WORK INSTRUCTIONS -> Give back, exactly as written, the lines from the first line of the data below through the line with "Nástěnné hodiny - Tenista", and omit the pictures.

═════ PROVIDED MATERIAL

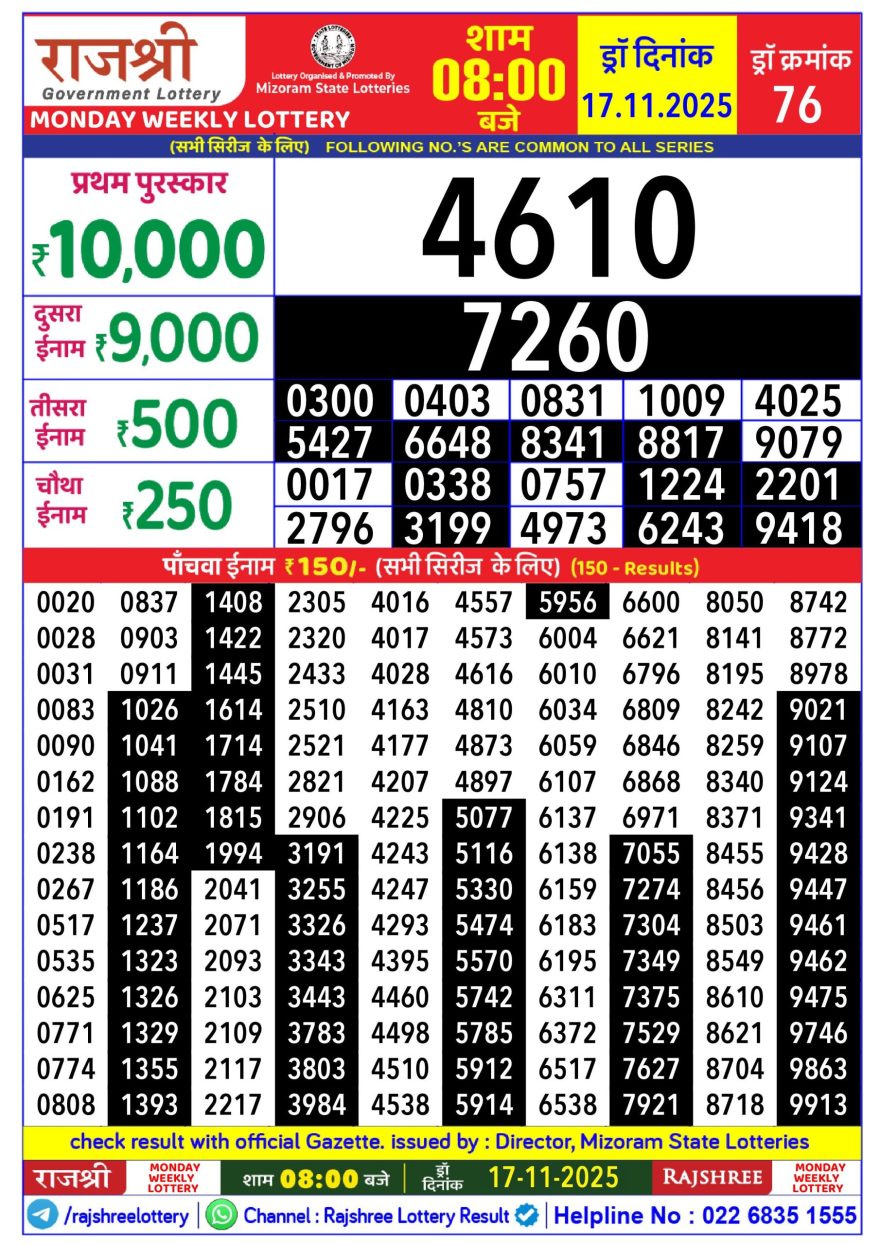 Rajshree Monday Weekly lottery 08.00PM 17.11.2025 17.11.2025 Leave a Comment on Rajshree Monday Weekly lottery 08.00PM 17.11.2025 Share: XFacebookPinterestLinkedin
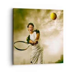 Nástěnné hodiny - Tenista odpaluje míč proti zlatavé obloze - 30x30cm - Energie a radost - Moderní nástěnná dekorace do obývacího pokoje, kuchyně a ložnice ARTTOR
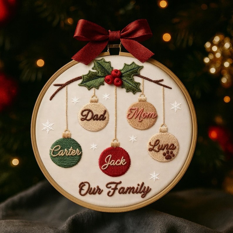 Personalized Embroidery Family Christmas Ornament Gift for Families 2025

══════════

THE ANSWER ->
 Rajshree Monday Weekly lottery 08.00PM 17.11.2025 17.11.2025 Leave a Comment on Rajshree Monday Weekly lottery 08.00PM 17.11.2025 Share: XFacebookPinterestLinkedin
 Nástěnné hodiny - Tenista odpaluje míč proti zlatavé obloze - 30x30cm - Energie a radost - Moderní nástěnná dekorace do obývacího pokoje, kuchyně a ložnice ARTTOR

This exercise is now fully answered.